Runway

A Midsummer Night’s Dream Made Real: Valentino’s Pierpaolo Piccioli Presents an Haute Couture Collection in Beijing

valentino couture bejing
Photo: Courtesy of Valentino

“Today, Valentino—especially for young customers like in China—is daywear and streetwear,” Piccioli explained, hours before a lavish new David Chipperfield–designed store opening that was to be thronged with the country’s hippest young actresses and music stars. “That’s great to get the brand alive and to face reality, but I also like the idea of the extravagance and boldness and uniqueness of the couture. Today, Valentino is streetwear and couture, and the two work together to create a new way of being.

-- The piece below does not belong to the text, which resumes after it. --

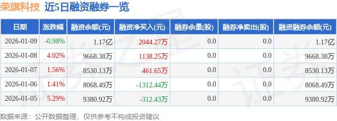荣旗科技融资融券信息显示,融资方面,当日融资买入3530.73万元,融资偿还1486.46万元,融资净买入2044.27万元,连续3日净买入累计3644.17万元。融券方面,融券卖出0.0股,融券偿还0.0股,融券余量0.0股,融券余额0.0万元。融资融券余额1.17亿元。

Modernity to me is about this high-low, present and past, couture and streetwear, all treated with the same sensibility, the same kind of daring and fantasy.”

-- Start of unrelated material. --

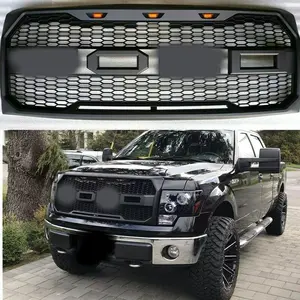 For Ford F150 2009 2010 2011 2012 2013 2014 Car Abs Plastic Black Front Grilles Shiny Front Center Mesh Grills With Led Light

In homage to the Valentino haute couture craftspeople, the run of show noted the names of all those who had worked on the respective garments, along with some salient details that emphasize the “uniqueness” that Piccioli was talking about—facts and figures laid down in print that take the breath away. A dress entirely covered in hundreds of shaded pink bows of various sizes required 350 meters of fabric, for instance; a voluminous ball gown composed of ruffles of cherry red point d’esprit—600 meters of tulle in total—took 1,300 hours to complete; and a silvery dress and balaclava were entirely embroidered in more than 32,000 silvery sequins (for the show, beauty maestro Pat McGrath silvered the model’s face to match). Meanwhile, an intarsia opera coat composed of swirling sections of Oz green sequins, ivory wool, and soft pink crepes—eight different types of fabric in all—worn insouciantly over wide pants and a turtleneck top in a smaller-scale version of the pattern took a cool six and a half months to complete.

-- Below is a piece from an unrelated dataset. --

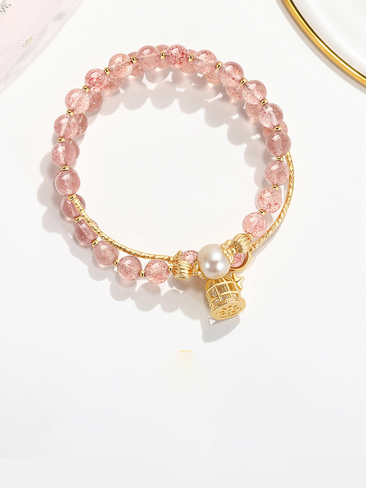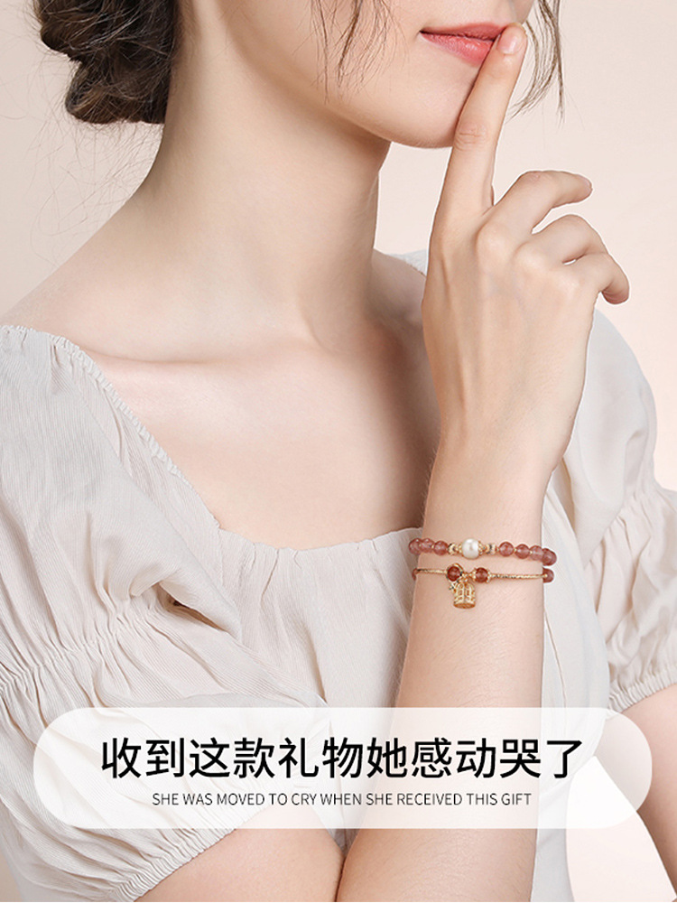 檀香阁女式草莓晶粉水晶手链生日礼物清新甜美

Small wonder that Piccioli dubbed the collection “Valentino Daydream.” The clothes looked magnificent enough in the final moments of assembly on the workroom tables, but the following evening, in the atmospheric, high-ceiling rooms of the Aman hotel in the bucolic grounds of the Summer Palace, and before an audience of local clients in statement gowns from the designer’s last collection, their commanding volumes, idiosyncratic colors, and superb detailing made for a presentation as stirring as the operatic arias—“Je veux vivre” from Gounod’s Roméo et Juliette, and “Vissi d’arte” from Puccini’s Tosca—that opened and closed the show. “I have lived for art,” sang Tosca, an appropriate cri de coeur as the bride stepped out in a dress and hood entirely covered in trembling tendrils of flowers glittering with beads and sequins: a Midsummer Night’s Dream made real.